WHAT YOU ARE ASKED TO DO: Write out exactly the lines below starting at the one containing "Kleine gele bloemen" and ending at the one containing "La inversión de". Omit every picture.

RECORDS FOR THIS TASK:
※ ※ ※

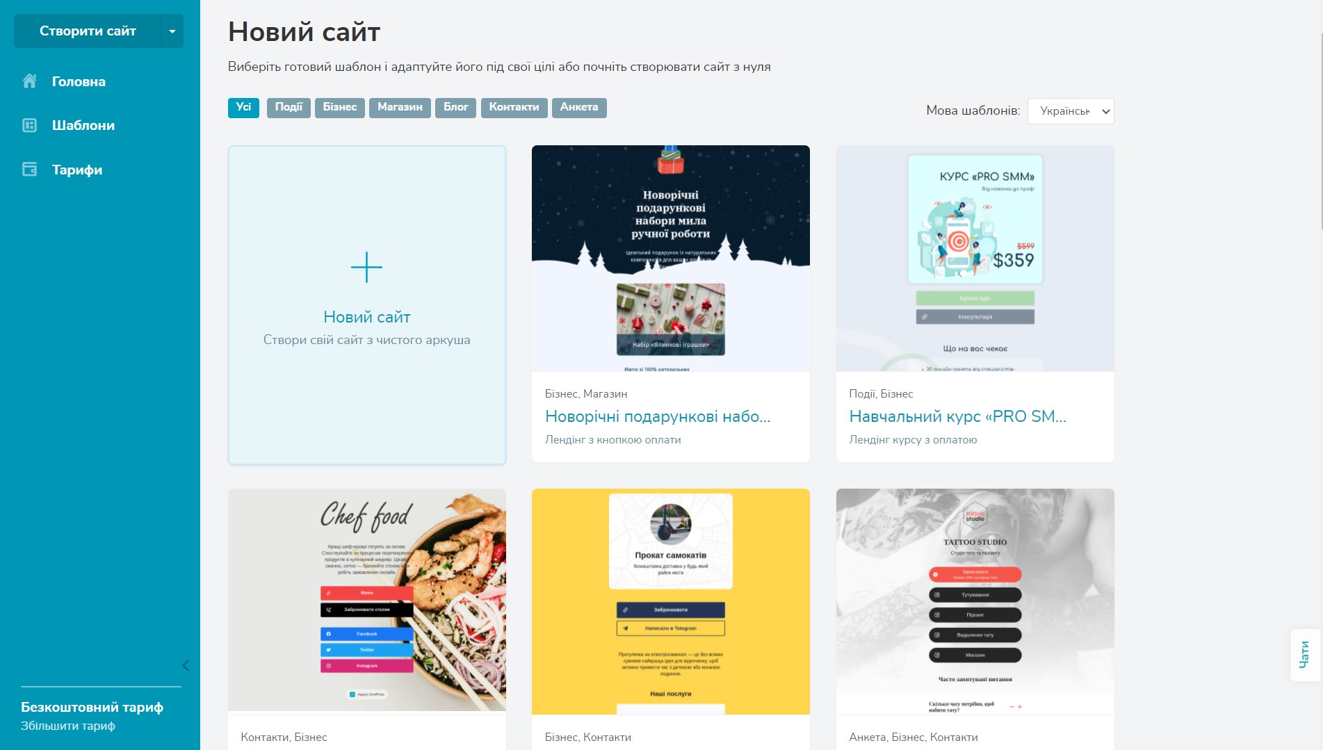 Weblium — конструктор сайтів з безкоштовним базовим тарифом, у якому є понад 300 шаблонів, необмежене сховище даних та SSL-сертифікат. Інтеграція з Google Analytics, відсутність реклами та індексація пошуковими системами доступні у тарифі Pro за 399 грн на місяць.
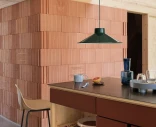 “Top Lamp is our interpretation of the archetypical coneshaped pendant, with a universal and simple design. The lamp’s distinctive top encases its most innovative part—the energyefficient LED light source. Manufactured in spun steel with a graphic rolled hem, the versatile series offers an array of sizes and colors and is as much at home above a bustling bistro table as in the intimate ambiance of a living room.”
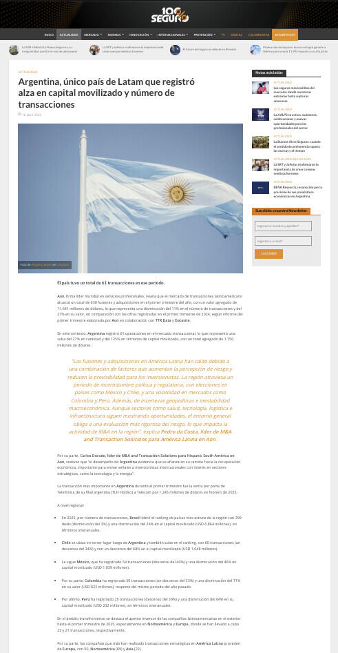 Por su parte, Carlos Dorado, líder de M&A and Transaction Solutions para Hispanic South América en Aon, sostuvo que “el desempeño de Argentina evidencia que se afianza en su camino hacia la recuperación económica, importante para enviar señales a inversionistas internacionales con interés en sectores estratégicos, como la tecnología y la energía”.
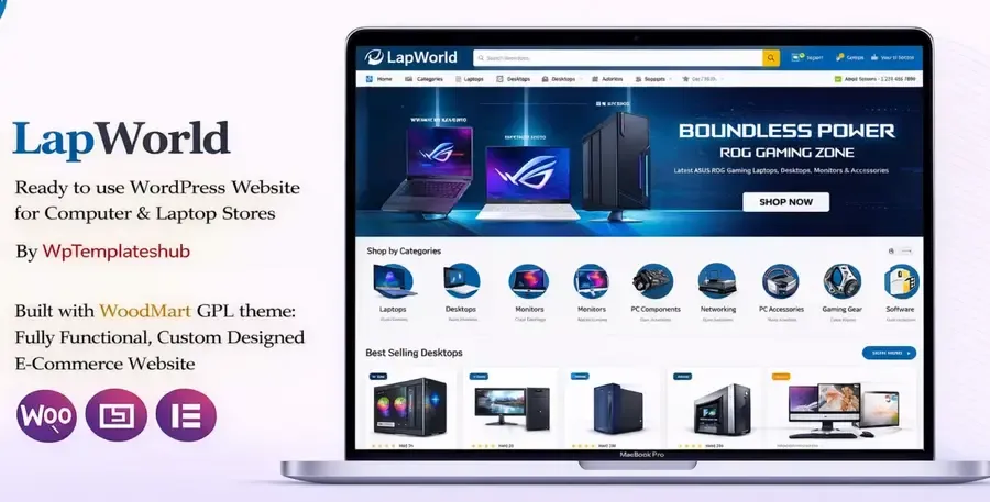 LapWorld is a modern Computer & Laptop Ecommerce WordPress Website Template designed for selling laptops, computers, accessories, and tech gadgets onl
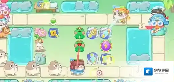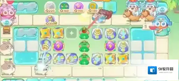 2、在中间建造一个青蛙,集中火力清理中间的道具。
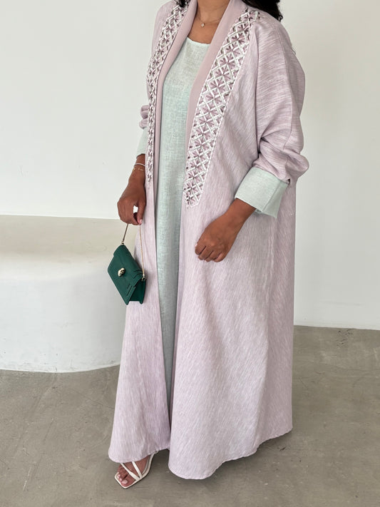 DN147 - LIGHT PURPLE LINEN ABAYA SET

※ ※ ※

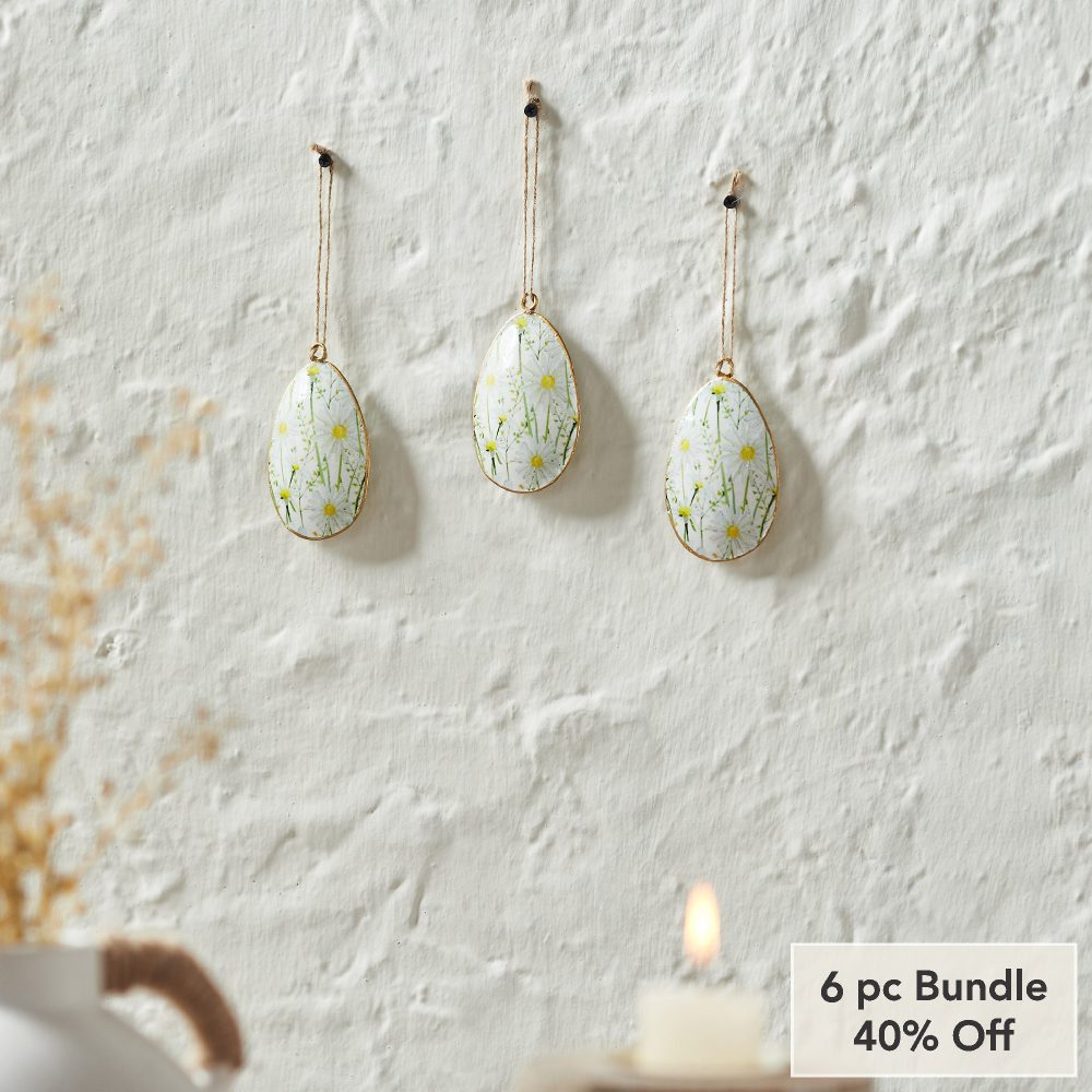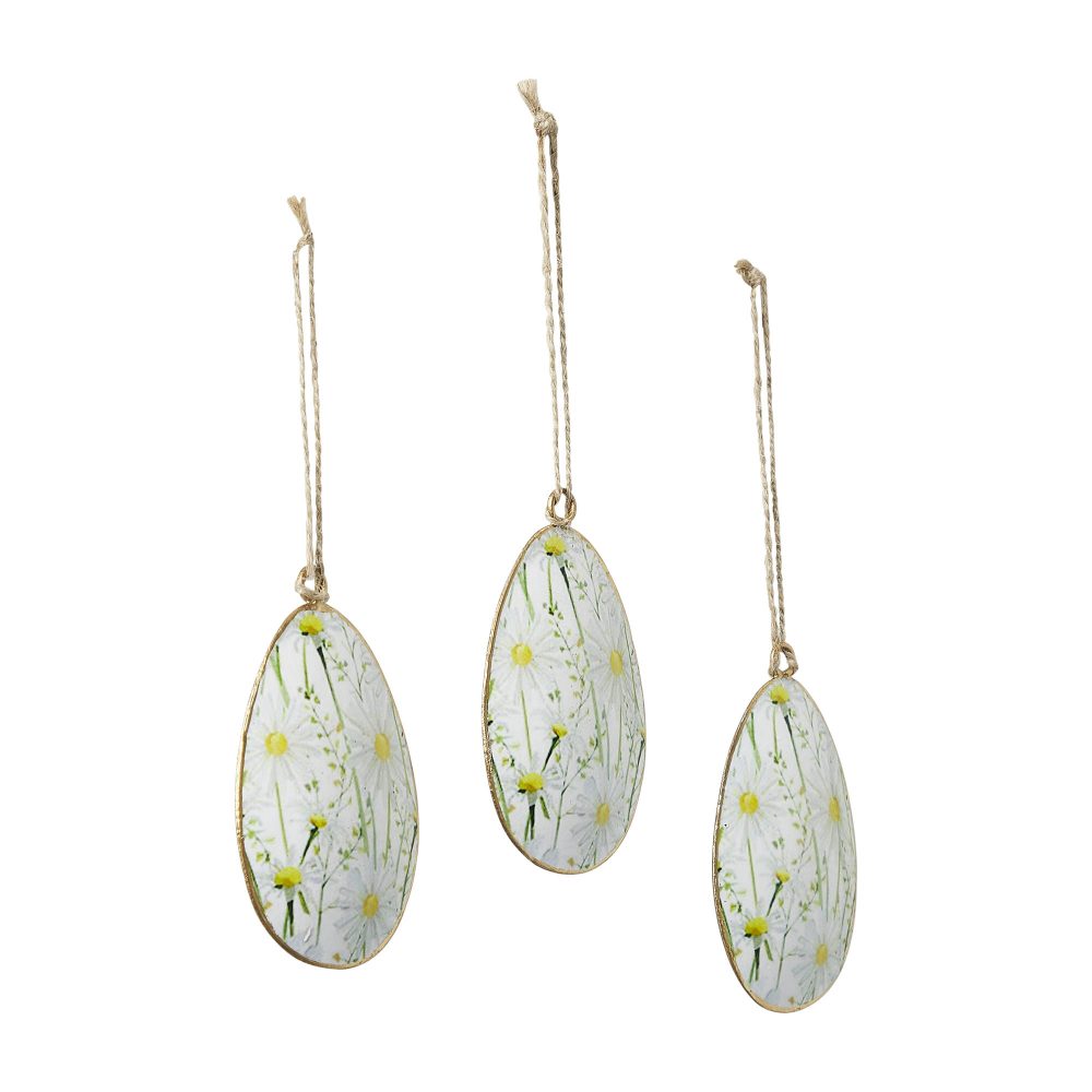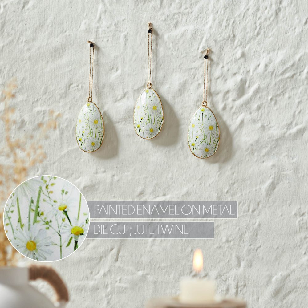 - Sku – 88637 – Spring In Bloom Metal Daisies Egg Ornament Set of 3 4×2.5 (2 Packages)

※ ※ ※

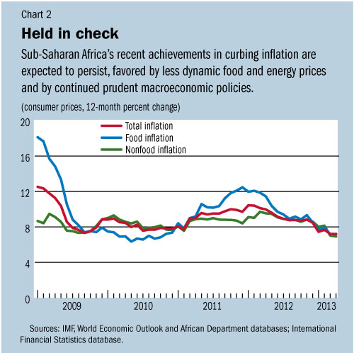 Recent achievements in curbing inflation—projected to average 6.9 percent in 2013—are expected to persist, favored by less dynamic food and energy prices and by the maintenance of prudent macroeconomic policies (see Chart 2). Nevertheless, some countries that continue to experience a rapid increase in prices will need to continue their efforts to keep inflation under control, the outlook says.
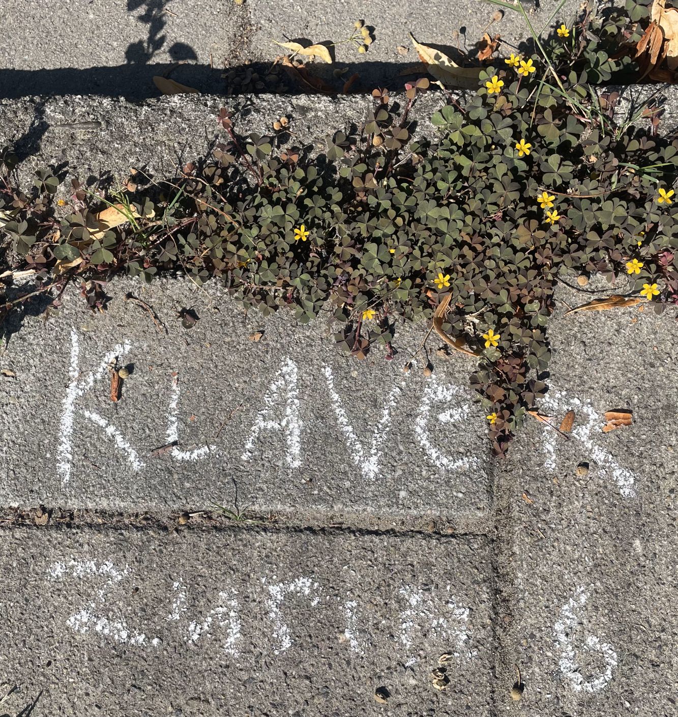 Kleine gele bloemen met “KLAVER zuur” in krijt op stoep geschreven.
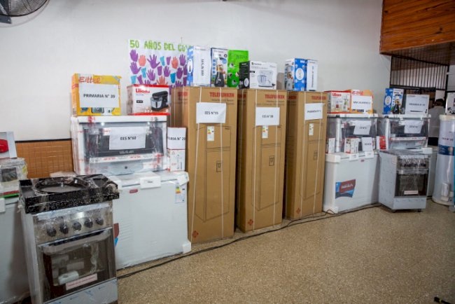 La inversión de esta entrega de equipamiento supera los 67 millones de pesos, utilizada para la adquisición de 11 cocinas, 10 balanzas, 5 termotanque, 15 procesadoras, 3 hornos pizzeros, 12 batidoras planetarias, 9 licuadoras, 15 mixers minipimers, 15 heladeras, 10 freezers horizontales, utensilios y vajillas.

※ ※ ※

ANSWER TO THIS PROBLEM:
 Kleine gele bloemen met “KLAVER zuur” in krijt op stoep geschreven.
 La inversión de esta entrega de equipamiento supera los 67 millones de pesos, utilizada para la adquisición de 11 cocinas, 10 balanzas, 5 termotanque, 15 procesadoras, 3 hornos pizzeros, 12 batidoras planetarias, 9 licuadoras, 15 mixers minipimers, 15 heladeras, 10 freezers horizontales, utensilios y vajillas.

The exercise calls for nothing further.